--- Provided material Enclosed Below ---
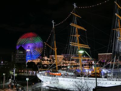 七色と宣伝してるけど公式ページの水色から赤までこんなくっきりした7色同時は見られませんでした。青なら青系のグラデ―ション、赤なら赤系のグラーデ―ションとして光っている時間が長い。同時に最大6色までは写るかも。背景に小さくベイブリッジ、入れようと思えばマリンタワーも隅っこに入ります。でも1カット撮っただけで飽きました(^^;- 旅行時期
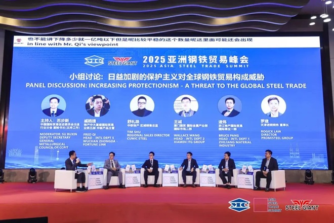 圖為“日益加劇的保護主義對全球鋼鐵貿易構成威脅”小組討論現場
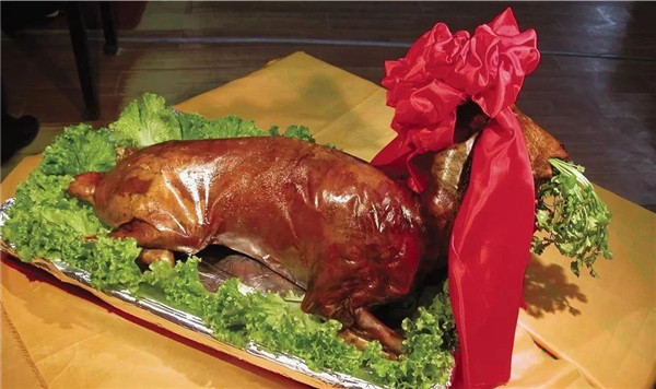 《詩經•大雅•生民》有云:“取羝以軷,載燔載烈。以興嗣歲!鄙瞎艜r已有烤全羊的記載,先民用之祭祀。到了元代,得以盛行,以肉質纖維脆而不糊,油而不膩,成為傳統名菜?救蚺c北京烤鴨、廣州脆皮乳豬相媲美。高級筵席中,如果有烤全羊餐車出現在賓客們中間,整臺筵席將頓時生輝,顯得格外豪華闊綽,為飲宴增添了異常豐富的色彩。
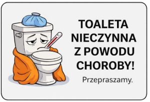 No i prezentujemy Wam kolejny przykład „polskich absurdów dnia codziennego”. Znaleźliśmy na drzwiach toalety jednego z urzędów kartkę z poważnym komunikatem: TOALETA NIECZYNNA Z POWODU CHOROBY. PRZEPRASZAMY. Tak, tak zachorowała… toaleta, nie hydraulik, nie instalacja, nie rura, ale sama toaleta – jak żywa istota – wzięła zwolnienie lekarskie, prawdopodobnie leży pod kocem, pije herbatkę z cytryną i dochodzi do siebie. Forma w zasadzie poprawna, tylko sens tej informacji niezamierzony. Autor chciał dobrze, ale wyszło jak zwykle: jedno nieprecyzyjne słowo zmieniło prostą informację w językowy żart sytuacyjny. Ta historia uczy nas, że humor czai się wszędzie, nawet na drzwiach WC.
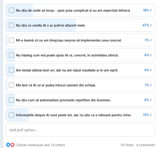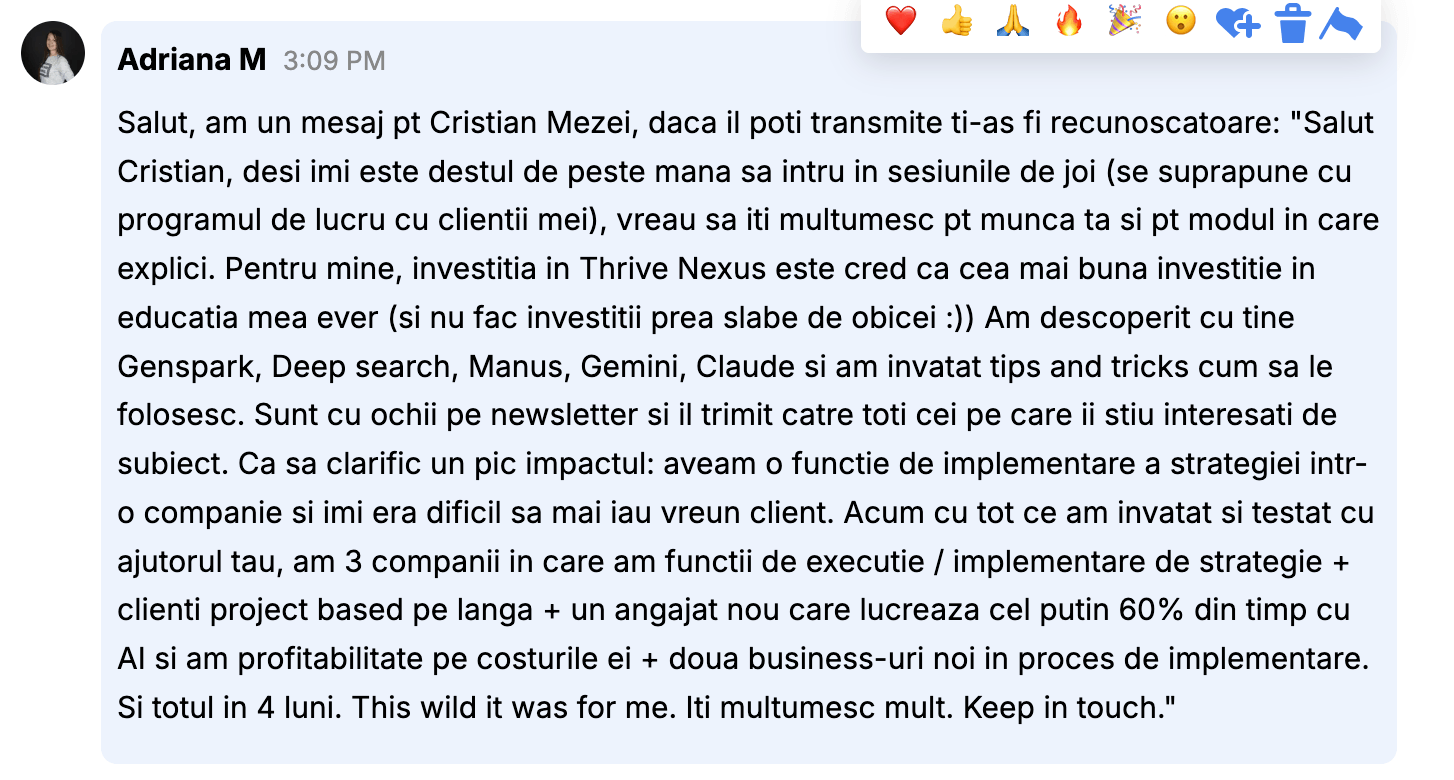 Asta e exact ce ne luptăm să rezolvăm de mai bine de trei ani în piața românească... prin tot ce facem, ajutăm fondatorii și specialiștii să folosească AI ca pe un partener de încredere (în loc de partener de joacă sau ceartă).
--- End of Enclosed Provided material ---
Directions for this task:
Repeat, line for line and exactly, the material from its first line through the line that contains "No i prezentujemy", both ends included; no pictures belong in the copy.

Solution to this task:
 七色と宣伝してるけど公式ページの水色から赤までこんなくっきりした7色同時は見られませんでした。青なら青系のグラデ―ション、赤なら赤系のグラーデ―ションとして光っている時間が長い。同時に最大6色までは写るかも。背景に小さくベイブリッジ、入れようと思えばマリンタワーも隅っこに入ります。でも1カット撮っただけで飽きました(^^;- 旅行時期
 圖為“日益加劇的保護主義對全球鋼鐵貿易構成威脅”小組討論現場
 《詩經•大雅•生民》有云:“取羝以軷,載燔載烈。以興嗣歲!鄙瞎艜r已有烤全羊的記載,先民用之祭祀。到了元代,得以盛行,以肉質纖維脆而不糊,油而不膩,成為傳統名菜?救蚺c北京烤鴨、廣州脆皮乳豬相媲美。高級筵席中,如果有烤全羊餐車出現在賓客們中間,整臺筵席將頓時生輝,顯得格外豪華闊綽,為飲宴增添了異常豐富的色彩。
 No i prezentujemy Wam kolejny przykład „polskich absurdów dnia codziennego”. Znaleźliśmy na drzwiach toalety jednego z urzędów kartkę z poważnym komunikatem: TOALETA NIECZYNNA Z POWODU CHOROBY. PRZEPRASZAMY. Tak, tak zachorowała… toaleta, nie hydraulik, nie instalacja, nie rura, ale sama toaleta – jak żywa istota – wzięła zwolnienie lekarskie, prawdopodobnie leży pod kocem, pije herbatkę z cytryną i dochodzi do siebie. Forma w zasadzie poprawna, tylko sens tej informacji niezamierzony. Autor chciał dobrze, ale wyszło jak zwykle: jedno nieprecyzyjne słowo zmieniło prostą informację w językowy żart sytuacyjny. Ta historia uczy nas, że humor czai się wszędzie, nawet na drzwiach WC.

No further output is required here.